Zooming into 2025, colder weather forecasts come at a time when Europe faces uncertainty about its own gas needs. Monday marked the last day of Russian gas flowing into Europe via Ukraine following a five-year transit deal unlikely to renew, with most routes except the TurkStream to Europe shut. Meanwhile, still-allowed Russian LNG imports to the EU hit a record high in December as the region looks for cheaper alternatives to US LNG. However, European Commissioner Ursula von der Leyen signalled earlier this year an increase in US imports to counter potential trade tariffs. 

Fast-forward to the end of December. In a post on Truth Social, Trump warned the EU of tariffs, urging the region to buy more US LNG to avoid them. The US has become the largest LNG supplier to the EU since Russia invaded Ukraine, representing around half of the bloc's imports in 2024.

Notably, a US government study estimated that gas prices could rise by up to 30% if LNG exports increased.

The Energy Information Administration (EIA) also estimated that increasing LNG exports could add 33% to natural gas prices in 2025 following record-low prices in February 2024, with demand expected to outdo supply significantly. However, while the Joe Biden administration stopped issuing export permits earlier in the year, Trump will likely lift the ban next year.

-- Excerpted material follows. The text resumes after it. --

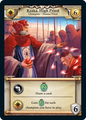 | Base Set | 1 | Kraka, High Priest | {Expend}: {Gain 2 health} Draw a card. {Imperial Ally}: Gain {2 health} for each champion you have in play. | Champion ◆ Human Priest | Imperial | 6 | 6 | Market Deck | Richard Hanuschek | |||
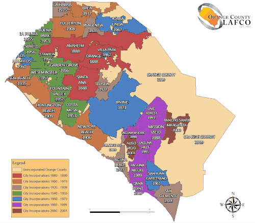 Times publisher Otis Chandler watched the [suburban sections] process with growing dissatisfaction, then decided that the only solution is for a newspaper to grow the way a modern city-community grows. . . . an ever-expanding circle of satellite towns, with citizens showing an increased interest in local affairs. To give them the local news they want, Chandler decided there was no substitute for being on the spot. The result appeared last week: the Orange County edition, edited, printed and partly written by a 32-man Times satellite staff operating entirely in Orange County.[10]

The EIA still expects LNG exports to double in the following few years to 24.4 billion cubic feet per day (Bcf/d), with an additional three LNG plants under construction. However, only time will tell whether these forecasts come to fruition.

Wrap Up

Natural gas markets have heated up in response to cold temperatures and a host of geopolitical, economic and environmental factors. From the polar vortex threatening the US and Europe to growing LNG exports, the industry may stand at a pivotal moment. 

While weather forecasts have sparked a short-term price spike, the long-term outlook nurtures recent momentum. Trump’s potential deregulation and Europe's struggle for energy security continue to shape the market.

For now, one thing is clear. Natural gas is ending 2024 on a high note.